Karen Dorn Steele is a journalist. As a reporter for the Spokesman-Review, she broke the story about the Green Run test, in which the U.S. government released radioactive gases in 1949 over areas surrounding the Hanford Site. Subsequently, she covered the Hanford Downwinder litigation, in which residents living around the Hanford Site sued the federal government over the health complications they suffered from as a result of radiation exposure. In this interview, she discusses how she discovered the Green Run through FOIA document requests. She describes covering the Downwinder litigation and her thoughts on how the trial was managed. Dorn Steele remembers meeting and interviewing some of the plaintiffs, and how their lives were impacted by the Hanford Site.

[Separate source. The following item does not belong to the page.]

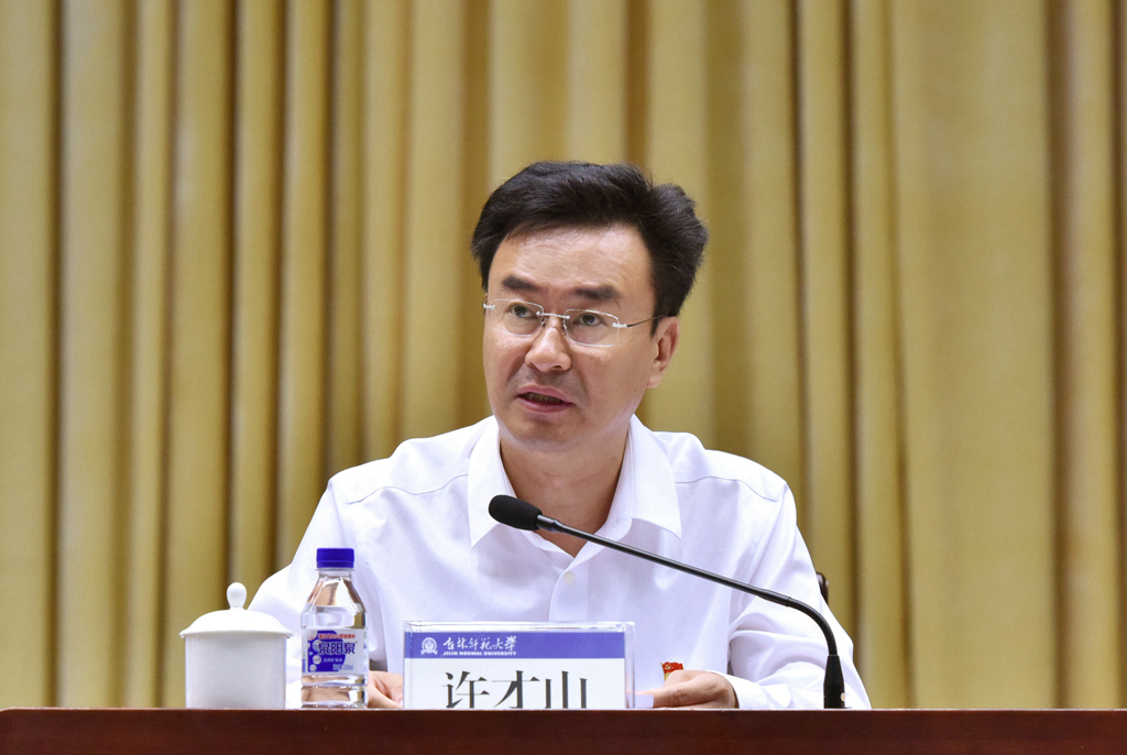 校党委书记许才山作动员部署讲话。他指出一要提高政治站位,深刻认识开展“不忘初心、牢记使命”主题教育的重大意义,深刻理解开展主题教育是用习近平新时代中国特色社会主义思想武装全党、推进新时代党的建设、保持党同人民群众血肉联系、实现党的十九大确定的目标任务的迫切需要。二要突出政治引领,坚持将高标准严要求贯穿主题教育全过程。要时刻围绕学懂弄通做实习近平新时代中国特色社会主义思想这条主线,紧扣习近平总书记关于“不忘初心、牢记使命”重要论述。准确把握总要求,把“守初心、担使命、找差距、抓落实”贯穿主题教育全过程。全力聚焦总目标,把“有收获、受洗礼、敢担当、解难题、做表率”贯穿主题教育全过程,努力做到理论学习有收获、思想政治受洗礼、干事创业敢担当、为民服务解难题、清正廉洁作表率。深刻领会总路径,把“学习教育、调查研究、检视问题、整改落实”贯穿主题教育全过程。抓实学习教育,要原原本本学,集中学习研讨。抓深调查研究,领题开展调研,集体交流调研成果,围绕“四讲”讲好专题党课。抓准检视问题,广泛听取意见,围绕“六个对照”列出问题清单,召开对照党章党规找差距专题会议。抓好整改落实,抓好专项整治和问题整改,实施好“整治整改在行动”,开好专题民主生活会。三要筑牢政治保障,确保主题教育取得实实在在的成效,将主题教育作为学校当前的首要政治任务。着力强化组织领导,层层压实主体责任;着力强化督促指导,确保主题教育质量;着力强化两手抓两促进,全力做好结合文章;着力强化宣传引导,积极营造浓厚氛围,确保主题教育取得实效。许才山最后指出,开展好主题教育,意义重大而深远。要更加紧密地团结在以习近平同志为核心的党中央周围,按照中央部署和省委要求,高质量完成主题教育各项任务,为早日建成高水平388vip太阳集团,为实现新时代吉林全面振兴全方位振兴,为实现中华民族伟大复兴中国梦而努力奋斗。
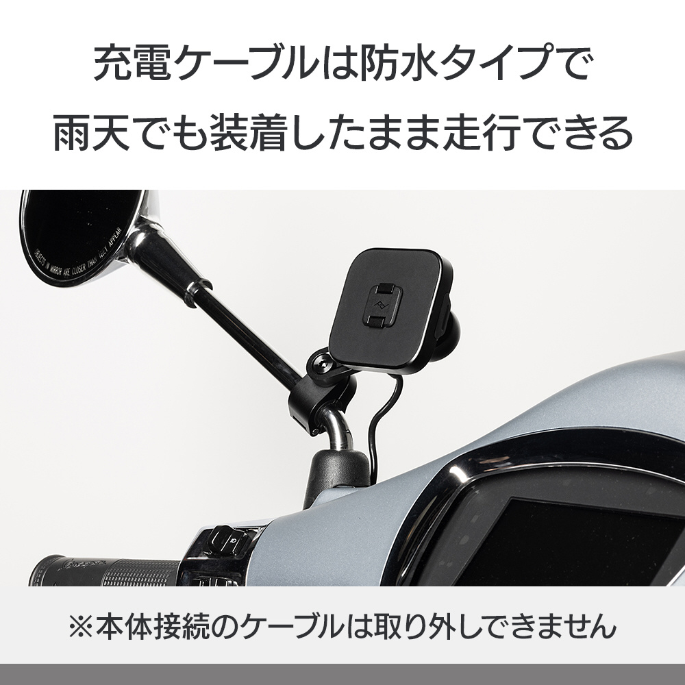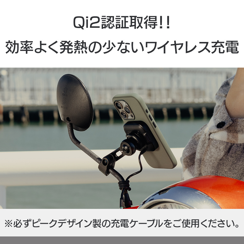※USB-A端子、またはバッテリーに直接繋げるSAE端子へ接続する場合は、別売りのピークデザイン製ケーブルキットをご使用ください。なお、Qi2充電規格の電力を得るためには、USB-CもしくはSAE端子のケーブルが必要です。

Collene Dunbar first arrived the Tri-Cities in 1950. She spent her childhood there while her father worked in construction at the Hanford Site. In this interview, she recalls her experiences growing up, and describes local perceptions of Hanford. She details discrimination faced by African Americans, local agriculture, and how the area has changed over the years. Dunbar also recounts her time working in construction and maintenance in the 200 East Area at Hanford, and shares her impressions of how secrecy and security were maintained at the site.
Carol Roberts moved to Hanford with her family in 1944 after her father was hired by DuPont to work as an electrician on the B Reactor. In this interview, she vividly describes life in Richland during the Manhattan Project. Roberts mentions local segregation, dust storms, the housing, social opportunities, and the challenges women faced in raising a family. Roberts champions the role of women in local history, including Leona Marshall Libby’s work on the B Reactor. She also details the founding of the local hospital and library, and recounts the takeoff of the “Day’s Pay,” the bomber funded by Hanford workers as part of their contributions to the war effort.